▶ **Given data**:

▬▬▬▬▬▬

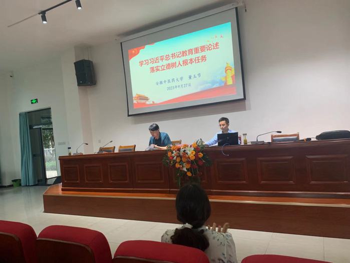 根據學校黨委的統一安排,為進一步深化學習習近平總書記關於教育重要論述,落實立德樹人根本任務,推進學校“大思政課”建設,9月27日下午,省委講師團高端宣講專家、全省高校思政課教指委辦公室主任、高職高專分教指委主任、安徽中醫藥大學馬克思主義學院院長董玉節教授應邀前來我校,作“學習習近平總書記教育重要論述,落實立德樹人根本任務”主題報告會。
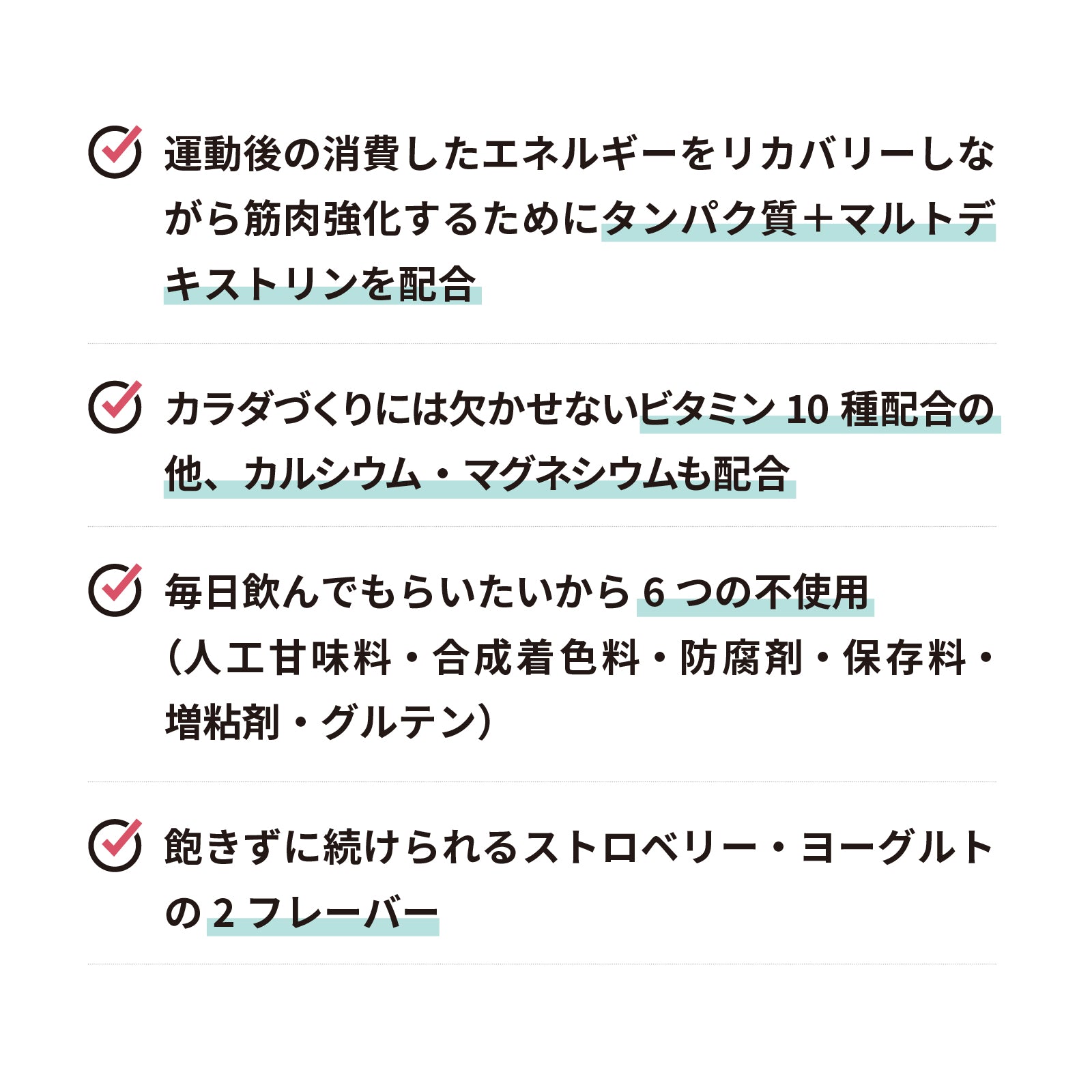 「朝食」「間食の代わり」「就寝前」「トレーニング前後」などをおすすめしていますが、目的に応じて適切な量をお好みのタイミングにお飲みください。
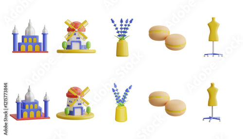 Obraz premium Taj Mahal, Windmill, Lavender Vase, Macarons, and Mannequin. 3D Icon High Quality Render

▬▬▬▬▬▬

A word-for-word copy of the listing is needed. It must not include the pictures.

▶ **Exercise output**:
 根據學校黨委的統一安排,為進一步深化學習習近平總書記關於教育重要論述,落實立德樹人根本任務,推進學校“大思政課”建設,9月27日下午,省委講師團高端宣講專家、全省高校思政課教指委辦公室主任、高職高專分教指委主任、安徽中醫藥大學馬克思主義學院院長董玉節教授應邀前來我校,作“學習習近平總書記教育重要論述,落實立德樹人根本任務”主題報告會。
 「朝食」「間食の代わり」「就寝前」「トレーニング前後」などをおすすめしていますが、目的に応じて適切な量をお好みのタイミングにお飲みください。
 Obraz premium Taj Mahal, Windmill, Lavender Vase, Macarons, and Mannequin. 3D Icon High Quality Render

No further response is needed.